— What is required —
Your copy of the data should leave out the images and match everything else exactly.

— Material provided —
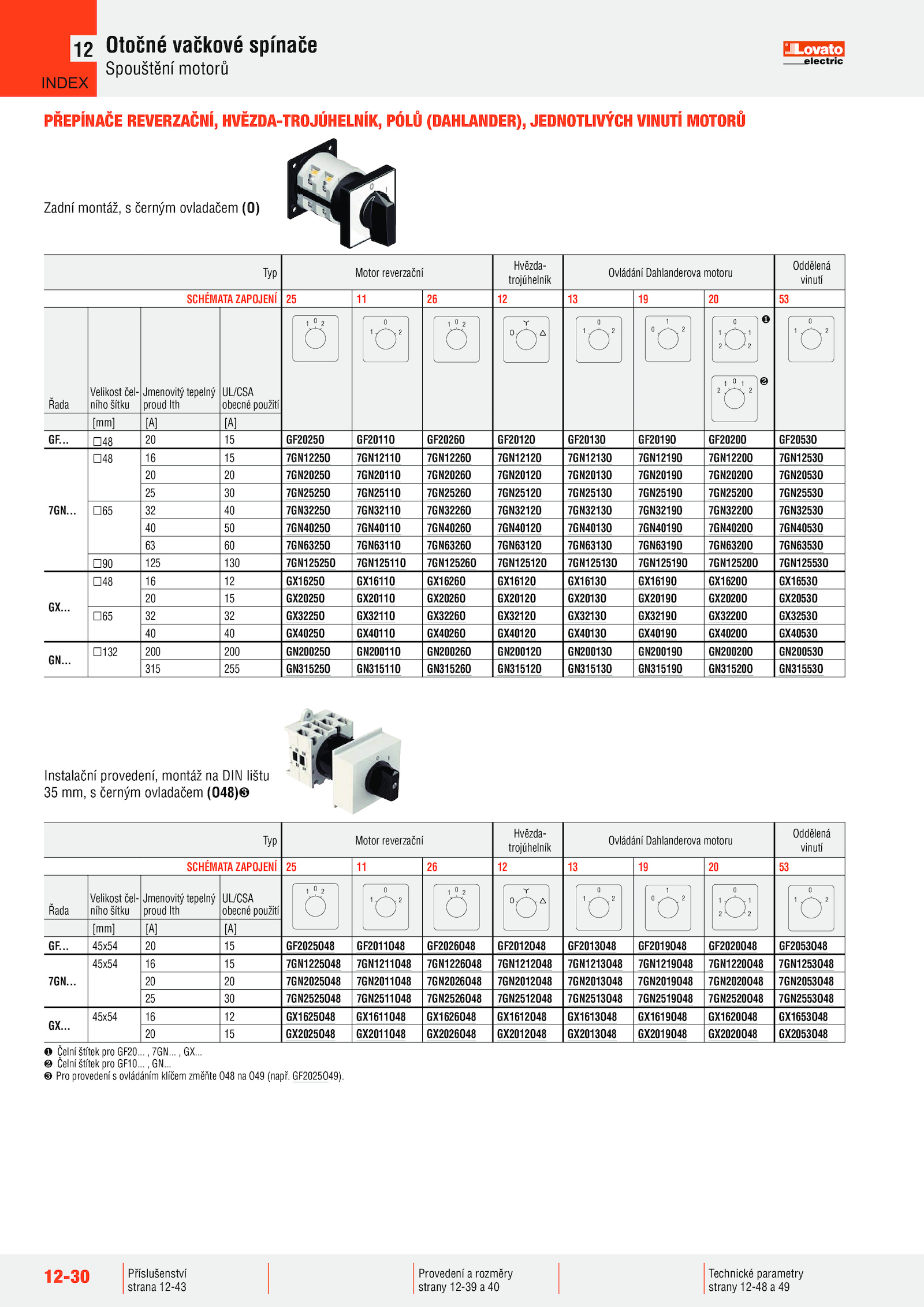PŘEPÍNAČE REVERZAČNÍ, HVĚZDA-TROJÚHELNÍK, PÓLŮ (DAHLANDER), JEDNOTLIVÝCH VINUTÍ MOTORŮ
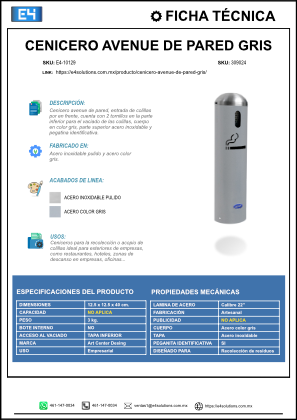 El cenicero Avenue de pared gris es la elección profesional, práctica y elegante para la recolección de colillas y residuos de tabaco en áreas exteriores e interiores. Fabricado con cuerpo de acero color gris calibre 22 y tapa en acero inoxidable, este cenicero combina robustez y diseño, ideal para mantener limpios y ordenados los accesos, fachadas y zonas de fumadores en empresas, restaurantes, hoteles, comercios, centros corporativos y edificios urbanos modernos.​
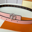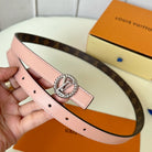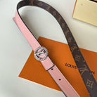 LV Circle Nautical 20mm Reversible Belt Silver Buckle Pink Brown Lambskin
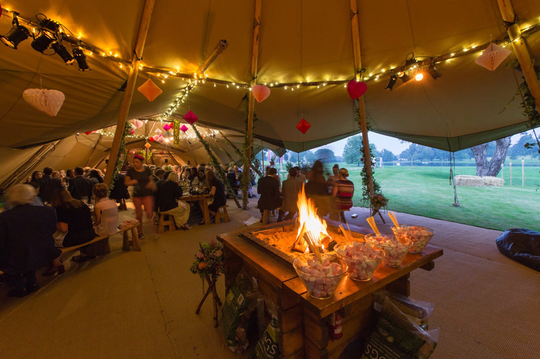 Other than the structures themselves (which are pretty special) our open fires probably draw the most attention. They add a huge amount of atmosphere and are booked for most weddings, even in the summer.

— Solution for this problem —
PŘEPÍNAČE REVERZAČNÍ, HVĚZDA-TROJÚHELNÍK, PÓLŮ (DAHLANDER), JEDNOTLIVÝCH VINUTÍ MOTORŮ
 El cenicero Avenue de pared gris es la elección profesional, práctica y elegante para la recolección de colillas y residuos de tabaco en áreas exteriores e interiores. Fabricado con cuerpo de acero color gris calibre 22 y tapa en acero inoxidable, este cenicero combina robustez y diseño, ideal para mantener limpios y ordenados los accesos, fachadas y zonas de fumadores en empresas, restaurantes, hoteles, comercios, centros corporativos y edificios urbanos modernos.​
 LV Circle Nautical 20mm Reversible Belt Silver Buckle Pink Brown Lambskin
 Other than the structures themselves (which are pretty special) our open fires probably draw the most attention. They add a huge amount of atmosphere and are booked for most weddings, even in the summer.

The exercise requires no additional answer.